RU2332386C2 - Furnace burden for firebrick production - Google Patents

Abstract

FIELD: chemistry.

SUBSTANCE: invention relates to the technology of complex processing of manufacturing wastes in order to prepare refractory and constructional materials, precisely meant for processing of the broken piece ''Dinas''. The furnace burden for refractory brick production consists of a filler material, sodium water glass according to dry residue, microsilica metallurgic wastes with SiO₂ > 80% and water, it also contains the broken piece of Dinas and aluminium oxide as the filler material, the weight ratio of the components is following: broken piece of dinas - 100.0; aluminium oxide - 3.0-15.0; sodium water glass according to dry residue - 2.5-2.7, water - 4.0-10.0.

EFFECT: strength enhancement and simplification of refractory products manufacturing.

1 ex, 4 tbl

Description

The invention relates to a technology for the integrated processing of industrial waste and secondary raw materials with the aim of obtaining building and refractory materials, namely, the processing of refractory scrap brand "Dinas".

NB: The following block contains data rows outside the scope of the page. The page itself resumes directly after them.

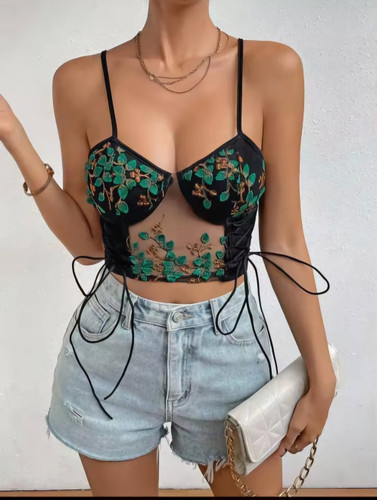 کراپ دوبنده گلدوزی (بندماکارون) برند سارای جنس کبریتی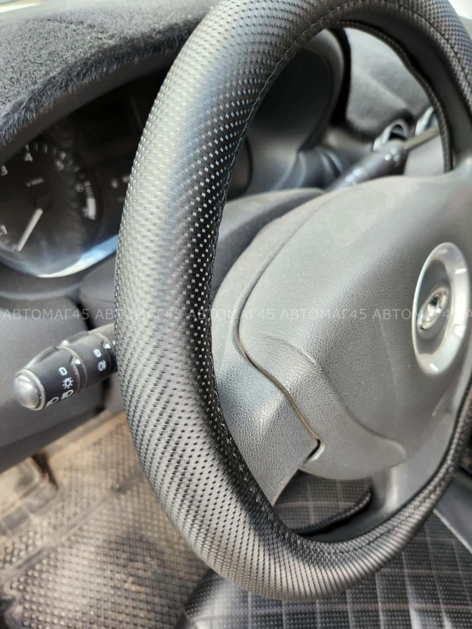 Оплетка на руль выполнена полностью из эко-кожи(имитация фактуры "карбон")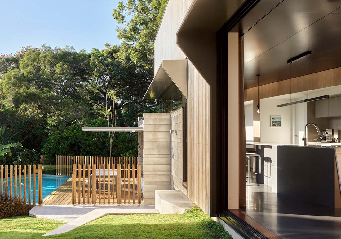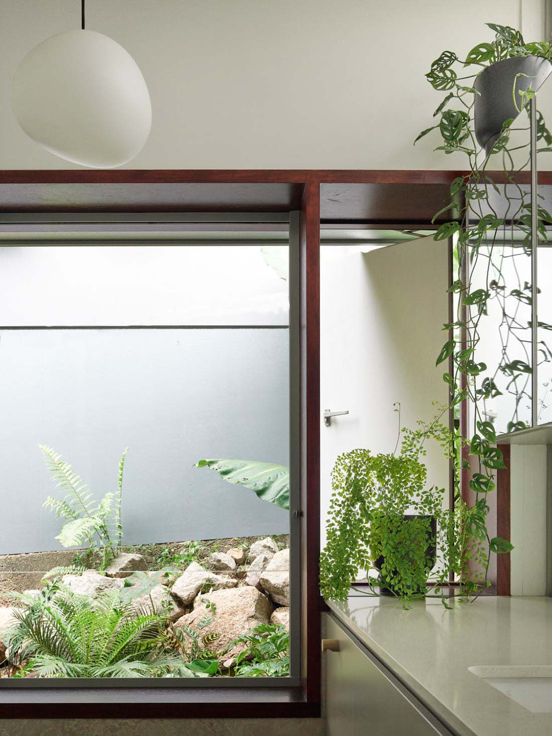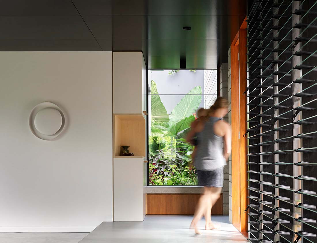 Drawn to the site because of the lush foliage at the bottom of the property, the home has been oriented to capture the verdant landscape, which creates the sense of a tropical escape in a dense urban setting. It was a task that Derrick worked into the planning to ensure “we got the views back to those beautiful leafy areas as soon as you walk through the front door of the house”.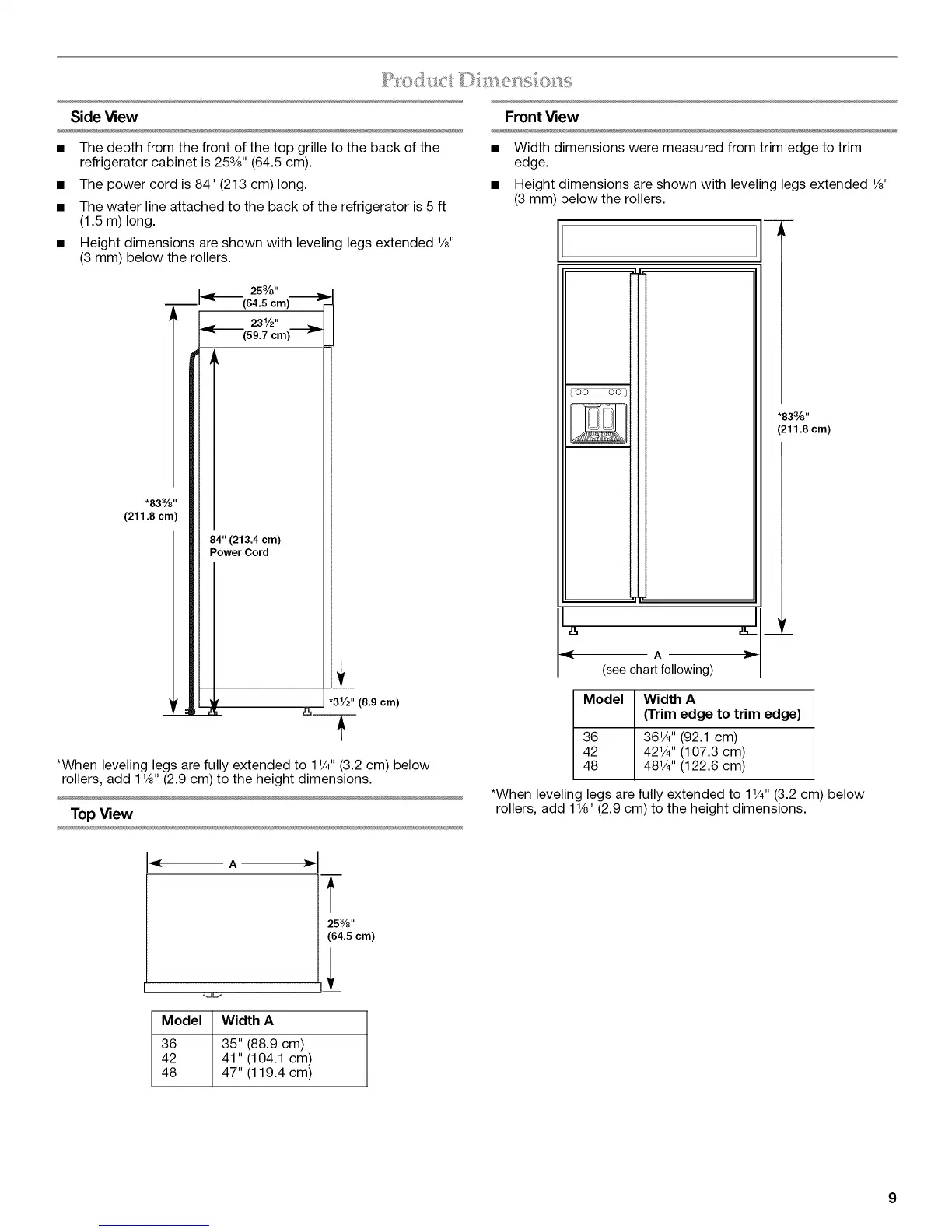 *When leveling legs are fully extended to 1V4"(3.2 cm) below

A known method of producing a mixture for unburned refractory products, including grinding a silicate block with a refractory aggregate, mixing them at a temperature of 80-90 ° C, mixing the mass with water at the same temperature. Refractory products are then obtained by molding at a pressure of 40 MPa, the products are dried at a temperature of 250-300 ° C for 1-2 hours (A.S. No. 1701693, С04В 28/24, С04В 40/40, BI No. 48, 21.06. 91) [1].

The method requires preliminary joint grinding and heating of the molding sand (mixture).

A technical solution is known in which the mixture for the manufacture of non-fired building products is obtained by co-grinding a silicate block with a part of the filler, mixing this mass with the rest of the filler. The products are molded at a pressure of 10-20 MPa, pre-steamed at a temperature of 80-90 ° C and a humidity of 90-100% for 1.5 hours, then dried at a temperature of 110-120 ° C. The proposed composition of the mixture: 1-3% silicate blocks, 97-99% sand (US Pat. RF No. 2018498, С04В 28/26, 40/00, 42/02, BI No. 16, 09/30/99) [2].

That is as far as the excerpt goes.